Robert Graves | © Bill Brandt / Picture Post / Hulton Archive / Getty Images

‘The Roman Spring of Mrs Stone’ by Tennessee Williams (1950)

The first of Tennessee Williams’s two novels, The Roman Spring of Mrs Stone was published in 1950. Set in the Italian capital in the years following the end of World War II, the book centres on the figure of Mrs Stone, an American former stage actor and a wealthy widow. In a tentative adjustment to ageing and to a life she perceives as purposeless, Mrs Stone drifts into an affair with a young Italian gigolo. The Roman Spring of Mrs Stone is a powerful portrait of a woman struggling with her own stray existence.

Tennessee Williams | © Herb Snitzer / Michael Ochs Archive / Getty Images

‘Lucrezia Borgia’ by Maria Bellonci (1939)

Carefully researched and exclusively based on historical documents, this novel won Maria Bellonci the renowned Viareggio Prize for Italian Literature in 1939, the year of its publication. The daughter of Pope Alexander IV and the sister of Cesare, Lucrezia Borgia is generally associated with the cruelties, unbridled passions and treacherous plots for which her controversial family is known. Challenging the common assumptions surrounding her figure, Bellonci interlaces strict factual reconstruction with a story of sentiments, depicting Lucrezia Borgia as a passionate, contradictory and complex woman moving among the intrigues and ploys of the papal court in Renaissance Rome.

Maria Bellonci | © Marisa Rastellini / Mondadori / Getty Images

‘The Public Image’ by Muriel Spark (1968)

Published in 1968 and shortlisted for the Booker Prize the following year, The Public Image is one of a long list of novels by Dame Muriel Spark.
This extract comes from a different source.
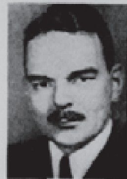
THOMAS E. DEWEY GOVERNOR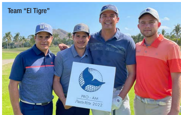
Team "El Tigre"

The book tells of Annabel Christopher, a glamorous actor adored by her public, who has just moved to Rome with her husband Frederick and her baby son Carl. In a shimmering show-business atmosphere, Spark gracefully reveals the duplicity of her characters and exposes the strains behind a celebrity-obsessed culture in the figure of her protagonist. The public image of Annabel must be glittery and perfect, attentively cultivated to the smallest detail, including her family – only the reality of her life does not look as smooth as its gleaming surface.
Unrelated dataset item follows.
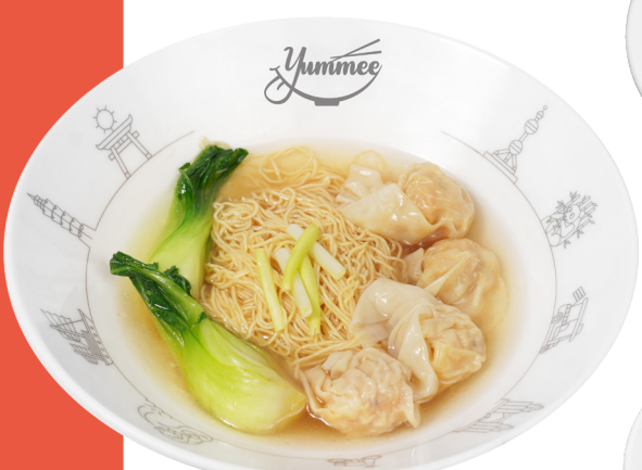
鮮蝦雲吞麵 $78 Fresh Prawn Wonton Noodles

Muriel Spark | © Ulf Andersen / Getty Images

‘The Marble Faun’ by Nathaniel Hawthorne (1859)

Hawthorne’s last finished novel, The Marble Faun, was inspired by the statue the Faun of Praxiteles, which the author had seen during his stay in Italy in the late 1850s. The book was often enjoyed by Victorian tourists as a guide to the Eternal City, as it centres on the time spent in Rome by three American artists and their faun-like Italian friend Donatello. In a richly symbolic novel, the characters find their lives thrown into disarray as a murder irrevocably entangles their existences, forcing them to confront the most awful effects of human impulse.